The matrix would be [ 3 -2 1 9 ]
[ 1 4 0 -2 ]
[ 0 -1 4 5 ]

The quickest way to get a 1 in the upper left corner is to switch the first and second rows.

[ 1 4 0 -2 ]
[ 3 -2 1 9 ]
[ 0 -1 4 5 ]

Now we would like to get a 0 directly below the 1 in the first column.
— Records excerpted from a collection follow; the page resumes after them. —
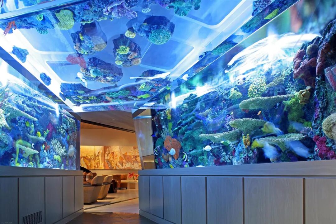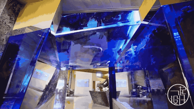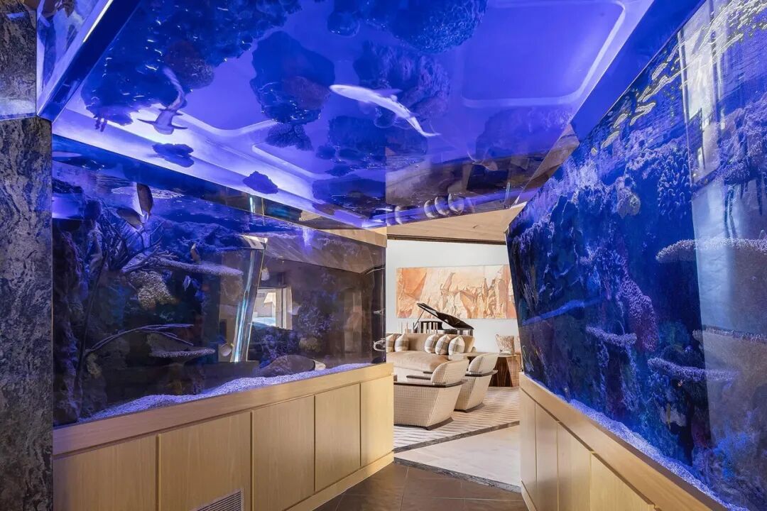 隧道由两个鱼缸(左右两边)和一个鲨鱼缸(上层)组成。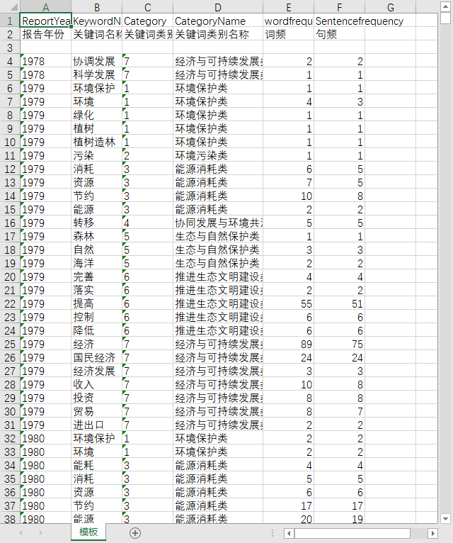 报告年份 关键词名称 关键词类别编码 关键词类别名称 词频 句频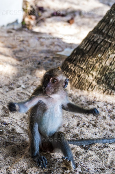 Дикие обезьяны играют на пляже Краби, Таиланд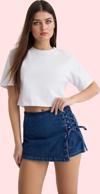 Ersefa Kadın Pamuklu Kısa Boy Denim Şort Etek Düz Desen Normal Bel Bağcıklı Yaz Aylarının Vazgeçilmezi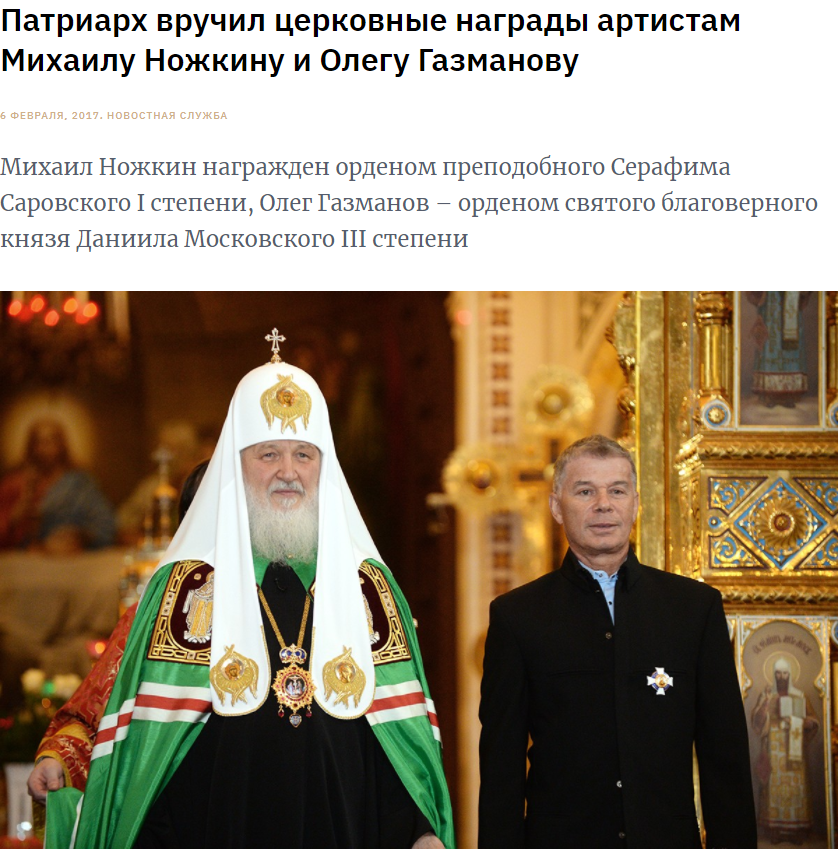 "Олег Газманов получил орден святого благоверного князя Даниила Московского III степени «во внимание к трудам на благо Церкви и Отечества и в связи с 65-летием со дня рождения»."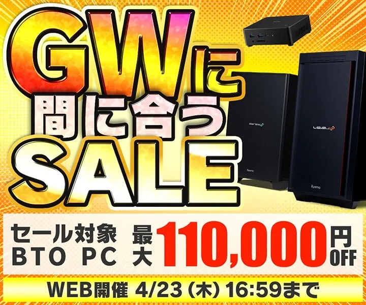 パソコン工房が特別に実施している「GWに間に合うセール」では、ゲーミングPCやクリエイターパソコンをお得に手に入れることができます。このセールは、2026年4月10日(金)から4月23日(木)16時59分までの限定期間で実施中です。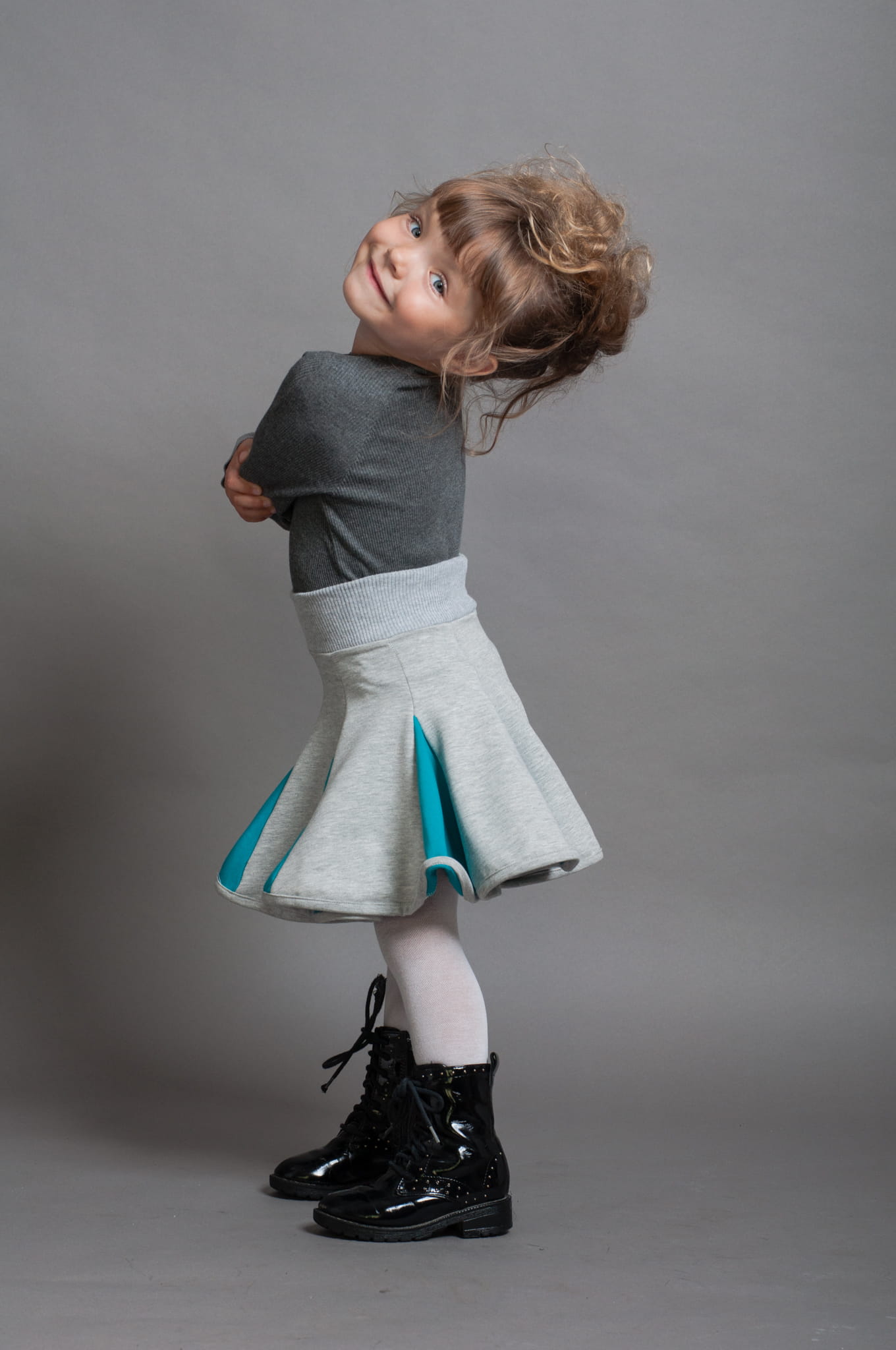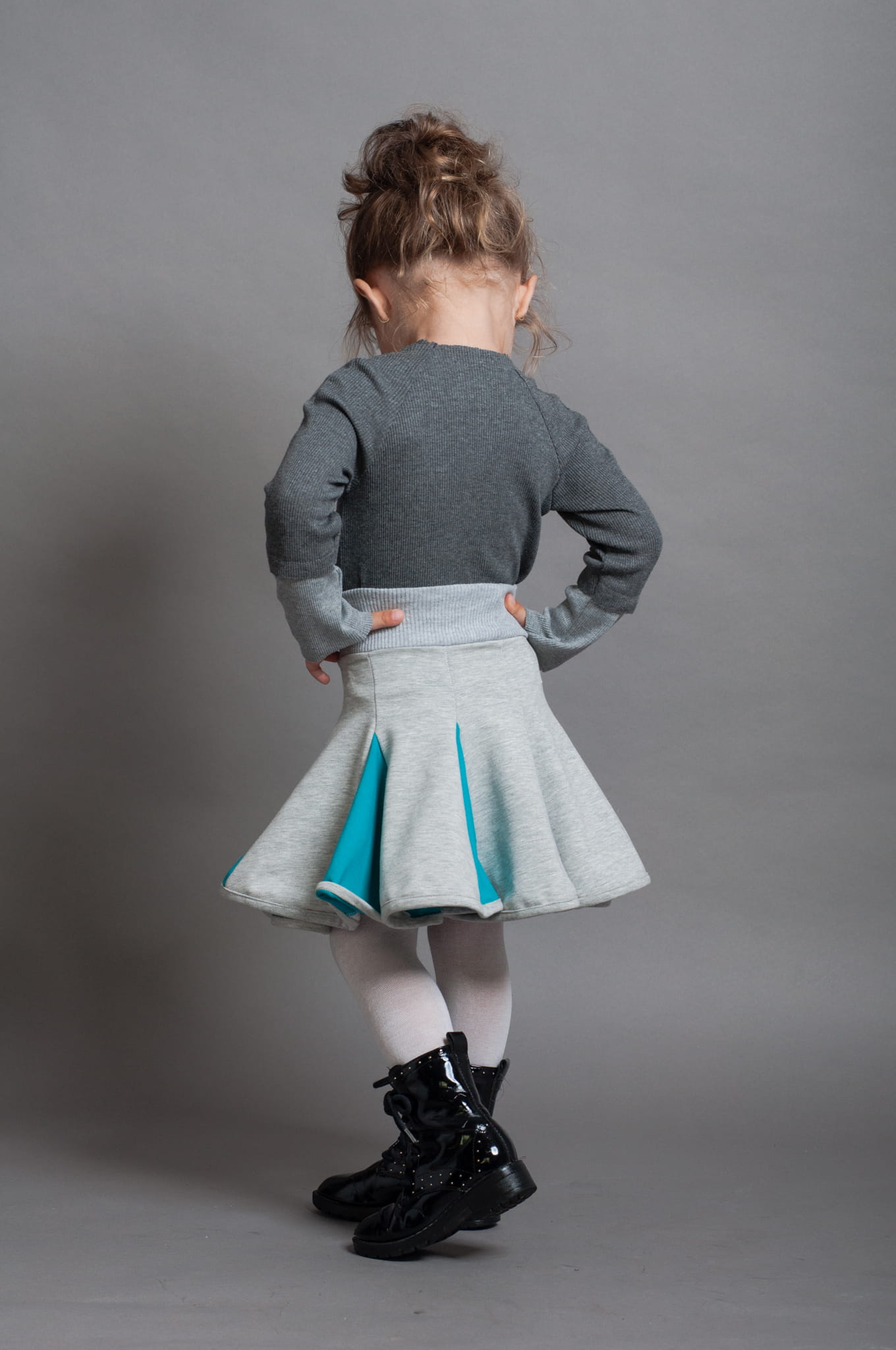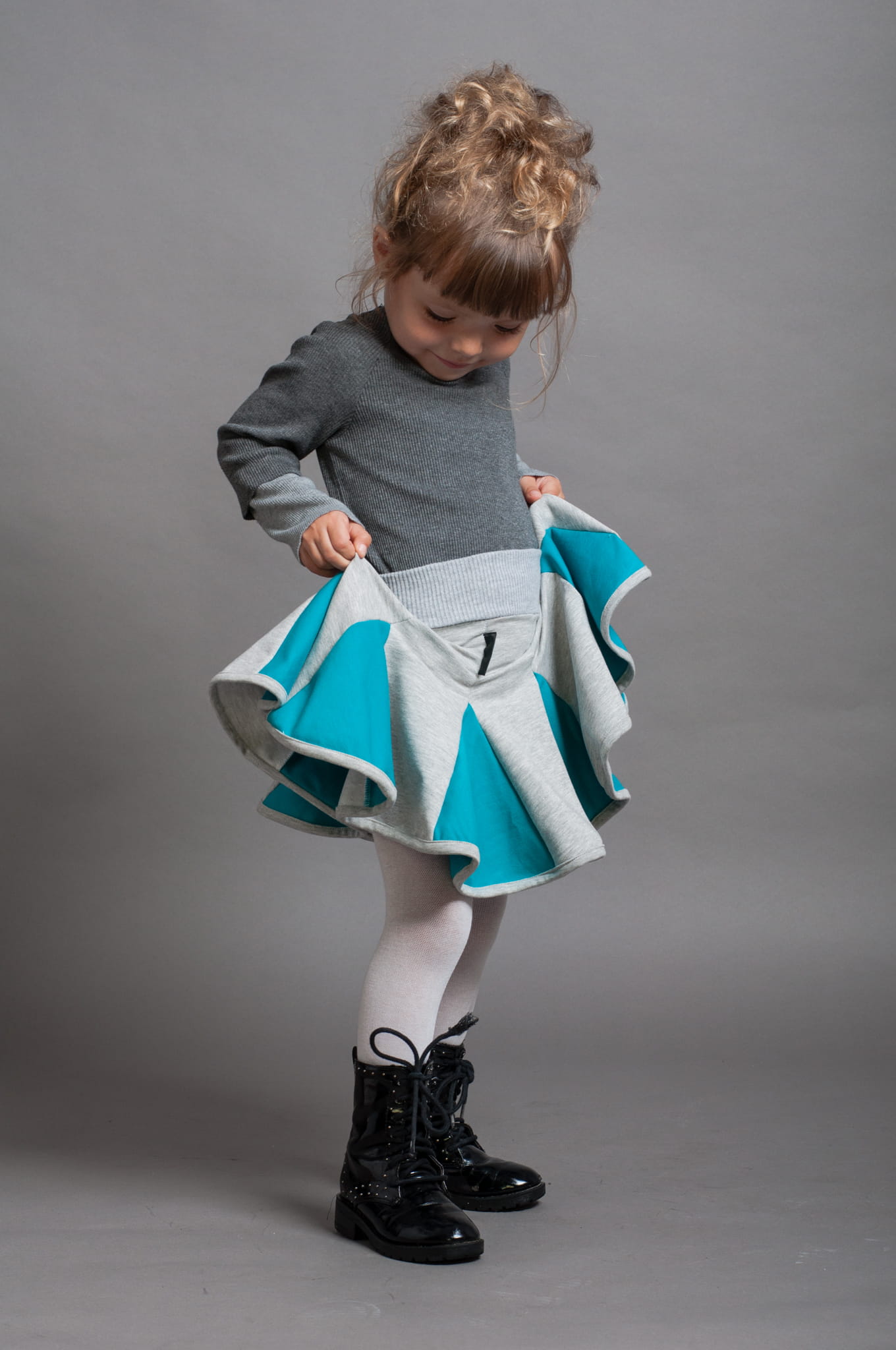 Krótka spódniczka bawełniana uszyta z klinów. W pasie ma miękki ściągacz, dół spódniczki wykończony jest lamówką. Dominujący szary kolor został ożywiony dzięki kolorowym wstawkom.
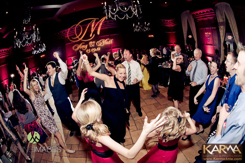 Any good lighting or production company will have more advanced uplights. I’m not knocking the DJ that offers uplights in his or her package. We started as DJs before we were a production company many many years ago and are guilty of buying the cheapest lights we could find in the beginning. A production company or dedicated lighting company specializes in lighting, therefore we at Karma Event Productions invest in the best possible technology. When I talked about color mixing, I was referring to mixing colors to get a new color. For example, red and blue make purple. If more red is added, then the purple is more pinkish. If more blue is added, then the purple is more blueish. This can be done manually or with a computer. Our uplights are able to be DMXed so we can control them wirelessly as well. That first set of uplights I referred to above in this paragraph when we were DJs were not wireless DMX. So if a client wanted the room to change colors, then we had to run cables from light to light. And if the client asked mid-event to change colors, we couldn’t. Talk about spending hours on something that takes only minutes now.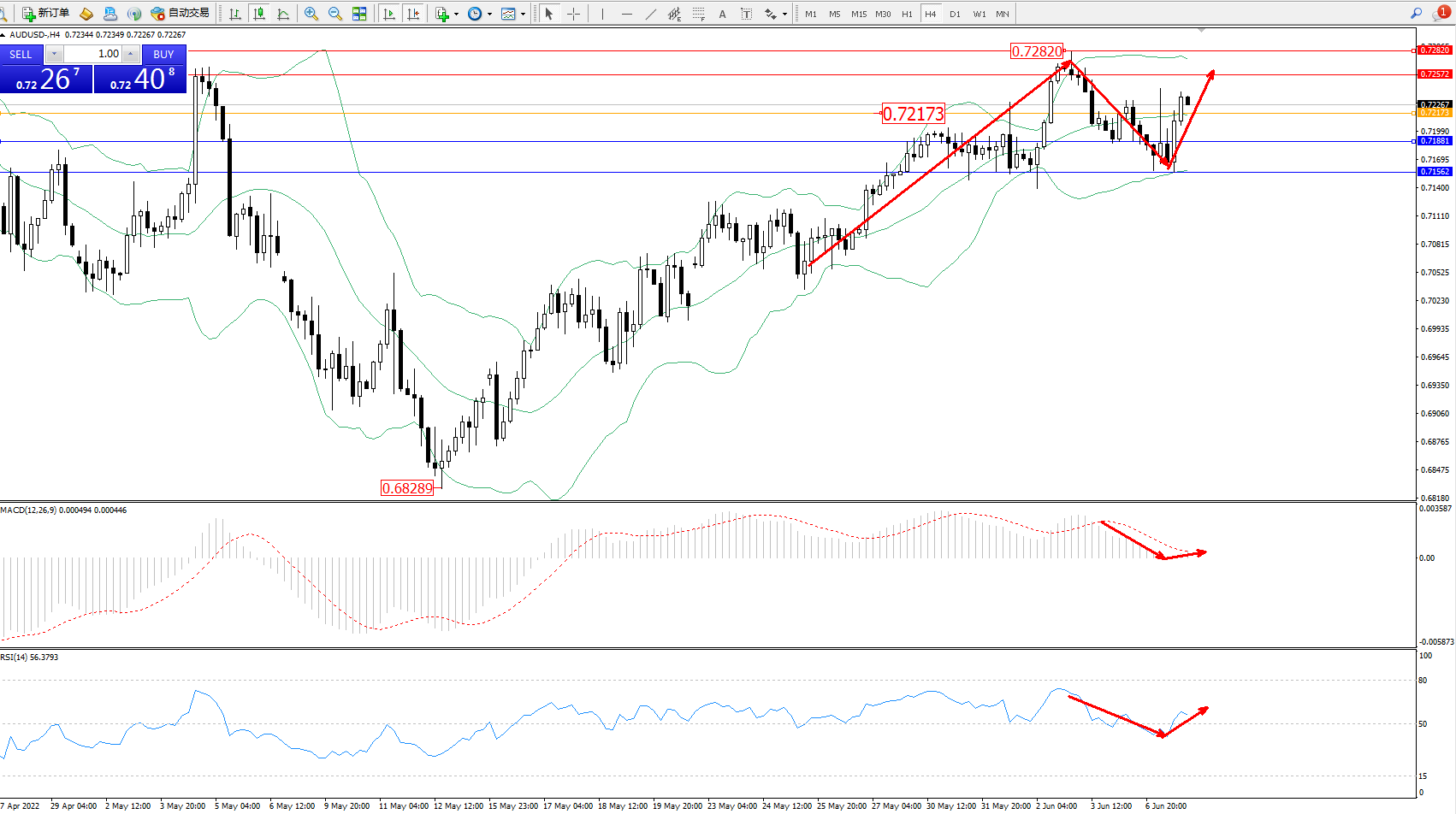 交易策略:0.72173上方看涨,目标0.72572、0.72820
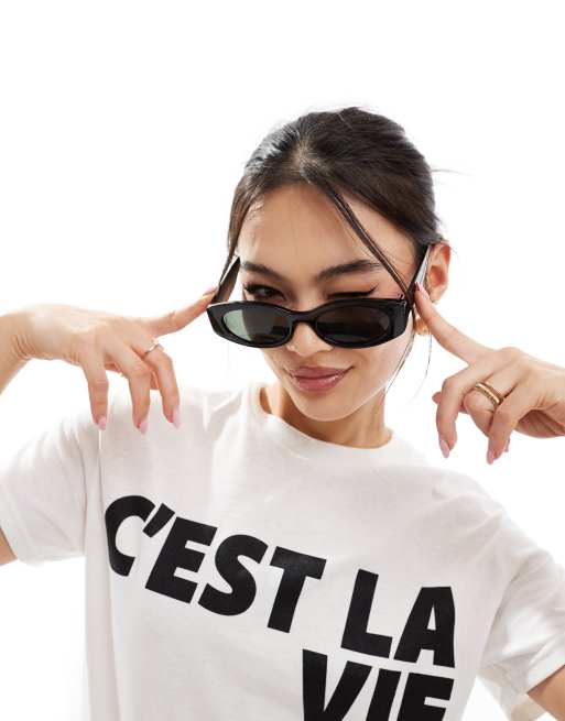 ASOS DESIGN - Ovale zonnebril in zwart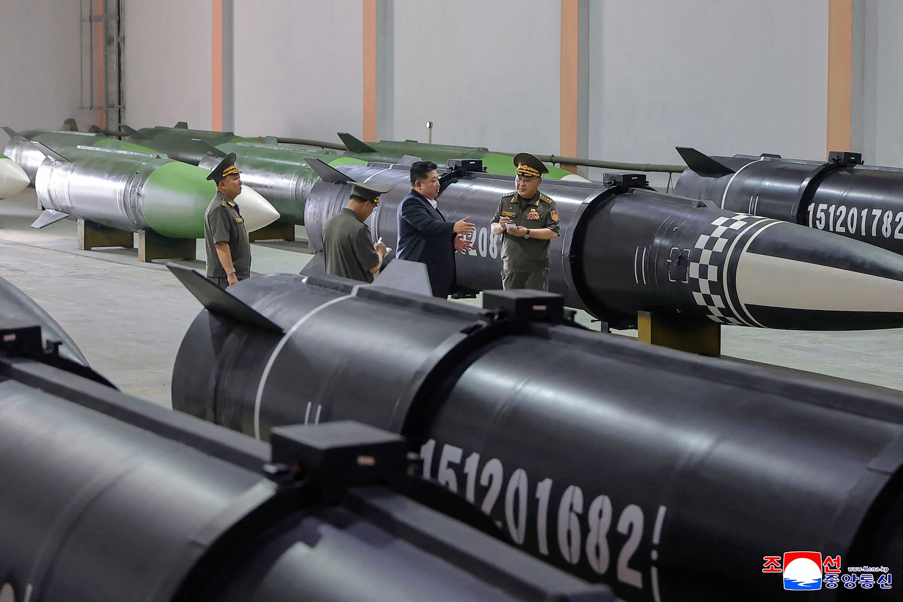 朝鲜最高领导人金正恩视察一家军工企业的导弹生产线。8月31日,朝中社报道称金正恩当天视察一家主要军工企业新投产的导弹自动化生产流水线。金正恩在视察中对朝鲜「导弹产能扩大计划」圆满完成、各类型导弹投入量产表示满意,强调建成现代化生产线能满足朝鲜人民军对导弹武力的需求,为重要部队按计划扩充导弹储备提供保障。韩联社报道称金正恩预计将于9月1日晚乘坐专列启程赴华出席中国抗战胜利80周年纪念活动。摄影师:KCNA
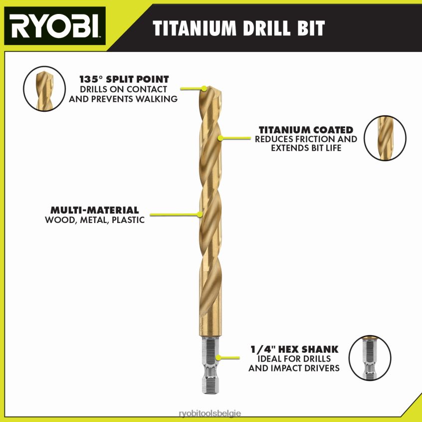 ryobi introduceert de titanium boorset (22-delig). De Ryobi 22-delige boorset met titaniumcoating is een geweldige aanvulling op elke gereedschapsset. de bits variëren in grootte van 1/16 inch tot 3/8 inch en zijn allemaal voorzien van een 135 graden gespleten puntpunt dat lopen verhindert. Alle bits zijn voorzien van een 1/4 inch zeskantschacht voor eenvoudig wisselen van bits en kunnen worden gebruikt voor het boren in hout, metaal en kunststof. de set bevat 22 bits met titaniumcoating van 1/16 inch tot 3/8 inch. Ga voor meer informatie over Ryobi naar ryobitools.com.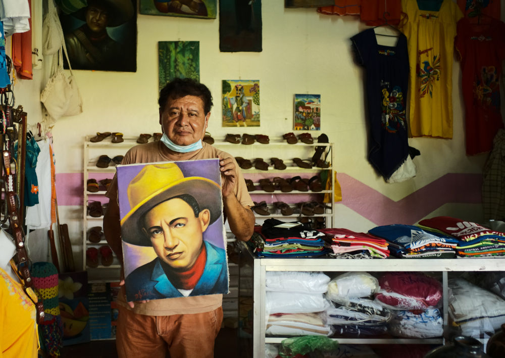 12月12日,在尼加拉瓜马萨亚省,一家商店的主人展示一幅尼加拉瓜民族英雄桑地诺的画像。

Using a row operation, we can multiply the first row by -3 and add it to the second row.

1 • (-3) = -3, and -3 + 3 = 0.
4 • (-3) = -12, and -12 + (-2) = -14
0 • (-3) = 0, and 0 + 1 = 1
(-2) • (-3) = 6, and 6 + 9 = 15.

[ 1 4 0 -2 ]
[ 0 -14 1 15 ]
[ 0 -1 4 5 ]

Row operations include: multiplying a row by a factor, adding a row to another row, multiplying a row and then adding it to another row. Using these row operations, we want to get a 1 where the -14 is. Why not try multiplying it by -1/14?
Continue doing this until you have the 1 0 0 etc.

 

[soroban]

Hello, turkey16!

\(\displaystyle 1)\;\;\begin{array}{ccc}3x -2y + z &=& 9 \\ x + 4y \qquad &=& \text{-}2 \\ \qquad \text{-}y + 4z & =& 5 \end{array}\)

\(\displaystyle \text{I would switch the order of the equations: }\;\begin{array}{ccc}x + 4y \qquad &=& \text{-}2 \\ \qquad\text{-}y + 4z &=& 5 \\ 3x - 2y + z &=& 9 \end{array}\)

\(\displaystyle \text{We have: }\;\left[\begin{array}{ccc|c}1 & 4 & 0 & \text{-}2 \\ 0 & \text{-}1 & 4 & 5 \\ 3 & \text{-}2 & 1 & 9 \end{array}\right]\)


\(\displaystyle \begin{array}{c}\\ \text{-}1\!\cdot\!R_2 \\ R_3-3R_1\end{array} \left[\begin{array}{ccc|c}1 & 4 & 0 & \text{-}2 \\ 0 & 1 & \text{-}4 & \text{-}5 \\ 0 & \text{-}14 & 1 & 15 \end{array}\right]\)


\(\displaystyle \begin{array}{c}R_1-4R_2 \\ \\ R_3 + 14R_2\end{array} \left[\begin{array}{ccc|c}1 & 0 & 16 & 18 \\ 0 & 1 & \text{-}4 & \text{-}5 \\ 0 & 0 & \text{-}55 & \text{-}55 \end{array}\right]\)


. . . \(\displaystyle \begin{array}{c} \\ \\ \text{-}\frac{1}{55}\!\cdot\!R_3 \end{array} \left[\begin{array}{ccc|c}1 & 0 & 16 & 18 \\ 0 & 1 & \text{-}4 & \text{-}5 \\ 0 & 0 & 1 & 1 \end{array}\right]\)


\(\displaystyle \begin{array}{c}R_1-16R_3 \\ R_2 + 4R_3 \\ \\ \end{array} \left[\begin{array}{ccc|c} 1 & 0 & 0 & 2 \\ 0 & 1 & 0 & \text{-}1 \\ 0 & 0 & 1& 1 \end{array}\right]\)


\(\displaystyle \text{Therefore: }\;\begin{Bmatrix} x &=&2 \\ y &=&\text{-}1 \\ z &=& 1 \end{Bmatrix}\)

 

[turkey16]

thanx for all the help i understand how to use it now it just takes a long time!